Ideas Are The Victims Of Political Campaigns

Entrepreneurs, scientists, and technologists treasure ideas and innovation as the lifeblood of prosperity. The best of music creators, designers, and football coaches poke everywhere to find a ray of new light to combine with the tried and true. Creative companies know that ideas are squelched or sparked by factors as humdrum as the work environment, so they work to create new and better work forums.  

Meanwhile the political system does its best to kill all ideas. We overlook the dusty creep toward this end. What impels this losing game? To begin, ideas are always risky. An idea is a risk first of all because it may fail. A worse risk is if the idea is a huge success and brings some honor and riches to a direct competitor. There’s the rub.  

Politics stays unaware that, by nature, ideas are hybrids, that is, are of mixed stock. Idea breeders call an idea a “feat of association”—a result of looking from different angles to see something not seen before. On occasion, one person is able to look from different angles. More often different people add different angles.        

As John Steinbeck said of his writings, “Ideas are like rabbits. You get a couple and learn how to handle them, and pretty soon you have a dozen.” Supreme Court Justice Oliver Wendell Holmes, Jr. perceived: “Many ideas grow better when transplanted into another mind than in the one where they sprang up.” 

We have a basic human dilemma. An idea by nature combines varied viewpoints, so a sound idea risks having another viewpoint gain partial credit for it. In the worst case, partial credit could take the form of votes for your opponent in the next election. This fearful risk fuels the powerful instinct in politics to kill ideas at the outset.  

Politics has its ways that easily kill. A common means of squelching ideas uses the common pool of principles. It is not as innocent as it seems. Principles may lead to ideas and an invention, but they are not invention. Principles do not make anything. Millions of people came and went knowing the principles that E = IR and materials cannot burn without oxygen. Yet it took the versatile mind of Thomas Edison to combine these two concepts and invent a useful incandescent light bulb.

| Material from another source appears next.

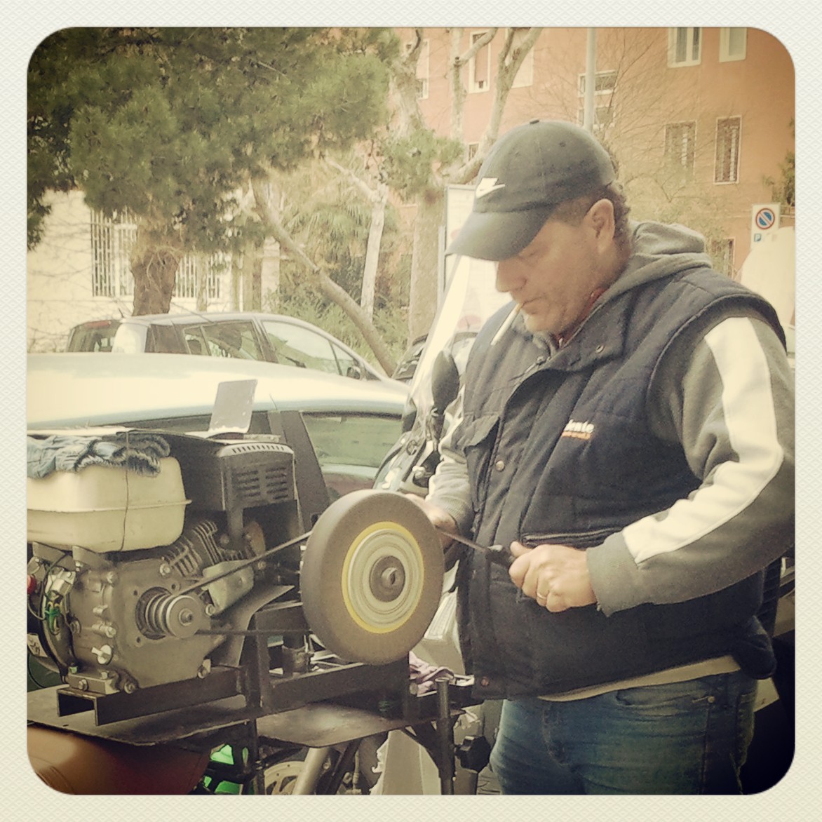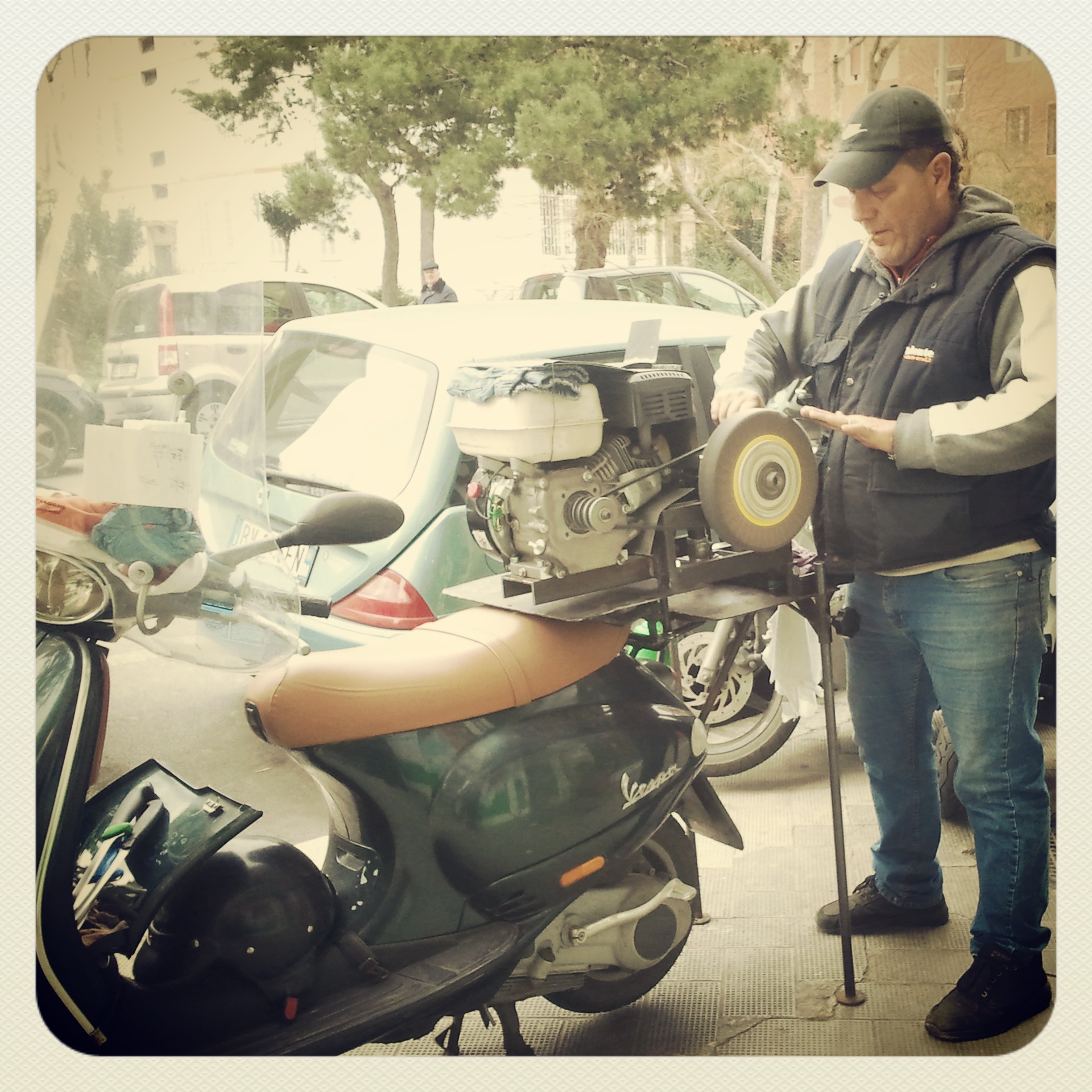 „…è arrivato l’arrotino!“ hört man es in Apulien gelegentlich noch durch die Straßen hallen. „Si affilano coltelli, forbici e lame di rasoi!“* Dann ist der Scherenschleifer wieder in der Stadt. Er hält vorrangig an den Fleischerein, welche die

Given a societal problem to work on, Republicans recite the words “freedom” and “liberty.” Then say them again. In return, Democrats say their principal words—“justice,” “equality.” Then again. Each party repeats its “principles” as if they were party ideas. None is a map for getting results. Should we work on having liberty or work on justice for all groups? Those words sound vaguely familiar, but why? ..Ah! It is our nation’s Pledge of Allegiance, which ends, “…with liberty and justice for all.” The words in that fleeting moment make no distinction between parties.

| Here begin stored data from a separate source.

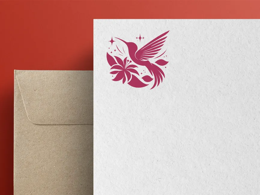 The hummingbird is illustrated with fine lines and smooth curves, emphasizing delicacy and movement. The accompanying flower and decorative elements give it a balanced and complete logo structure that feels alive and vibrant.
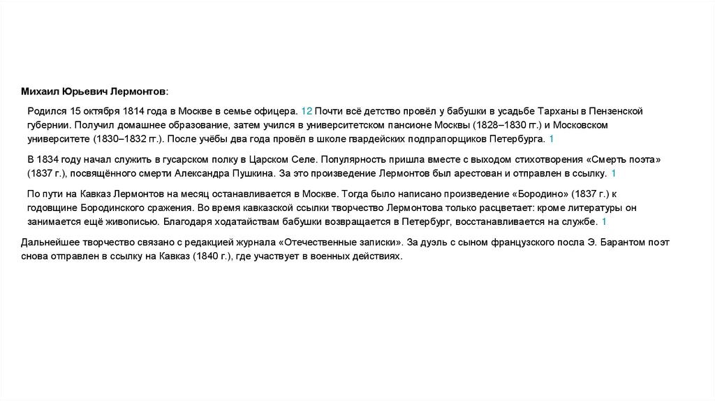 Михаил Юрьевич Лермонтов:Родился 15 октября 1814 года в Москве в семье офицера. 12 Почти всё детство провёл у бабушки в усадьбе Тарханы в Пензенской
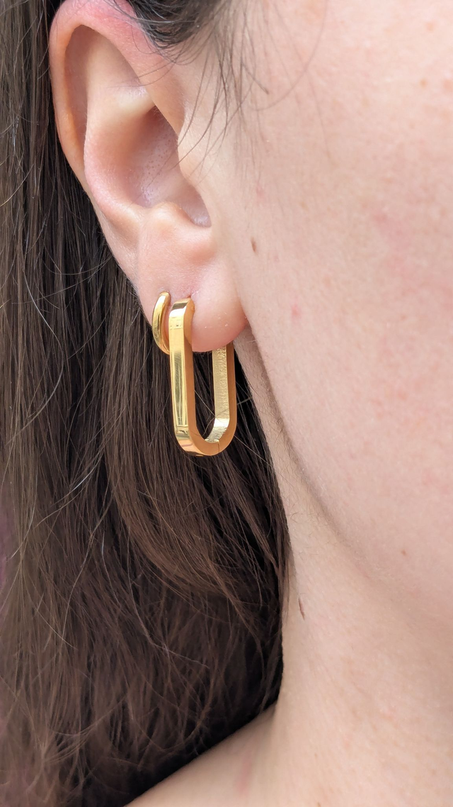 Paire de boucles d'oreilles créoles texturées en acier inoxydable (couleur dorée) que tu peux personnaliser avec nos charms interchangeables. (Les charms sur la photo ne sont pas inclus dans cet article.) Cela te permet de composer l'ensemble selon ton goût et de changer de look en fonction de ton humeur. 🫶
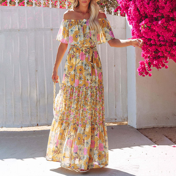 Bohemia Style Floral Printed Off-the-shoulder Short Sleeve Dress
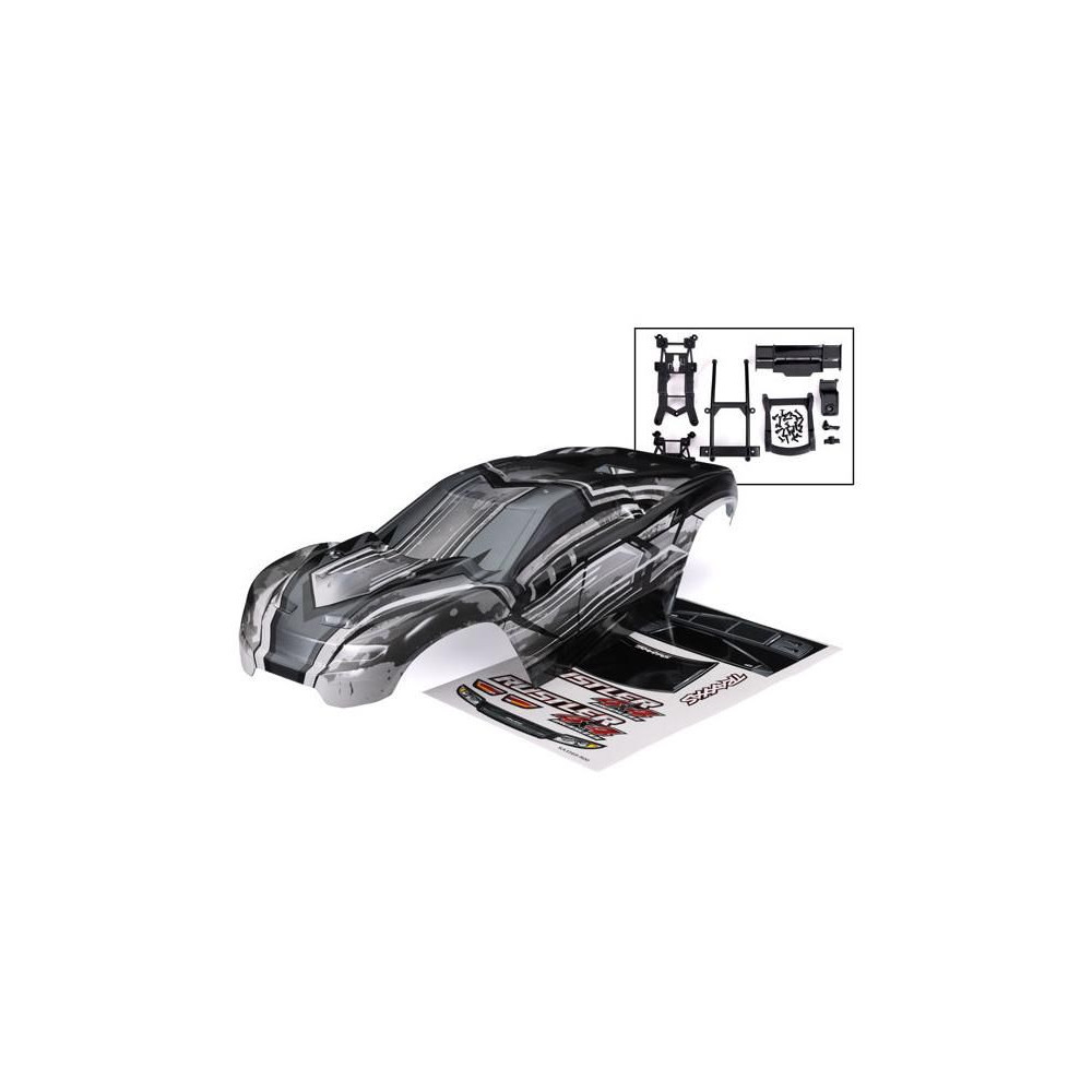 Traxxas Rustler 4X4 ProGraphix karosszéria - átlátszó karosszéria alkalmazott grafikával, festést igényel. Tartalmaz egy klipszes tartókonzolt a rögzítéshez.
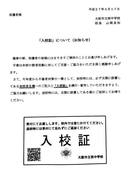 さて、今年度から不審者対策の一環として、来校時には玄関に設置してある来校者名簿のご記入とともに、新たに「入校証」を携行・着用していただくことにいたしました。
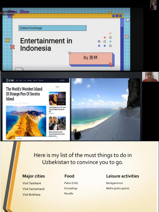 第一批课堂交流活动中,Syahra、Robert和Ali三位留学生首先就话题分别进行时长约10分钟的汇报演讲:Syahra从印尼的国家概况入手,介绍了印尼的地理位置、人口、旅游景点等,接着她结合视频重点分享了印尼最有特色的三种舞蹈:Kecak、Wayang和Prambanan Ballet Dance,十分生动有趣。来自乌兹别克斯坦的Robert就“娱乐”主题,从自己国家和文化背景具体介绍乌兹别克斯坦的旅游景点,特色食物,以及当地人的两种休闲方式,即Backgammon(棋类)和Mafia(类似于狼人杀的游戏)。Ali来自也门,他先简要介绍自己的国家,然后图文并茂着重介绍也门的主要节日,包括国家节日、国际节日、宗教节日等三种类别。
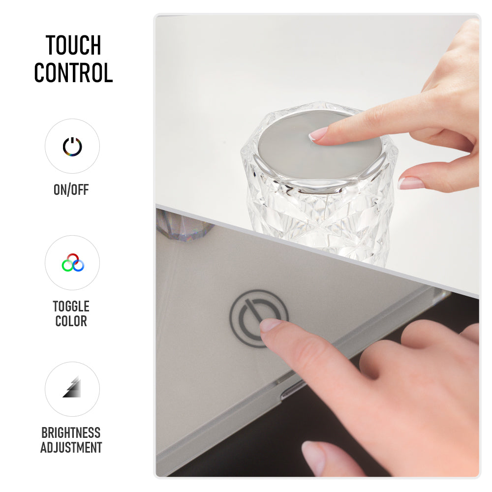 Introducing the LED Projection Crystal Lamp! This beautiful lamp is perfect for any room in your home, from the bedroom to the living room to the dining room or office. It features four different styles to choose from, and three different functions, making it highly versatile. USB power, touch-rechargeable, or remote-rechargeable, you can choose the perfect option for your needs. The lamp also features various scenarios settings, so you can find the perfect light setting for any activity. And with three light colors and 16 light color options, you can customize the perfect ambiance for any mood or occasion. Whether you're looking for a romantic nightlight or a practical desk lamp, the LED Projection Crystal Lamp is the perfect choice.

In sum, the parties match each other in pledging allegiance to our indivisible nation. Then each party pursues its separate choices of the principles that stand together in our common pledge. No principle is a tangible item, such as a light bulb. The principles all hold. And any ideas from combined principles are all dead.

Another routine way to kill ideas is the quasi-debate. Theory says good ideas grow with debate and rise to the top; bad ideas fall away. The theory is sound, but it cannot work when the debate spends itself on the flaws of the person or party proposing an idea. Political debate has shriveled to this poor proxy.       

Our nation sees, admires, and prospers from endless ideas streaming from science, technology and business. New and better ideas grow where the streams mix and mix again. Only in bastions of politics do people believe advances depend on repelling every grain of thought from outside the walls.   

Uncle Sam needs ideas to thrive. Ideas (like a light bulb) must spot key principles and connect them.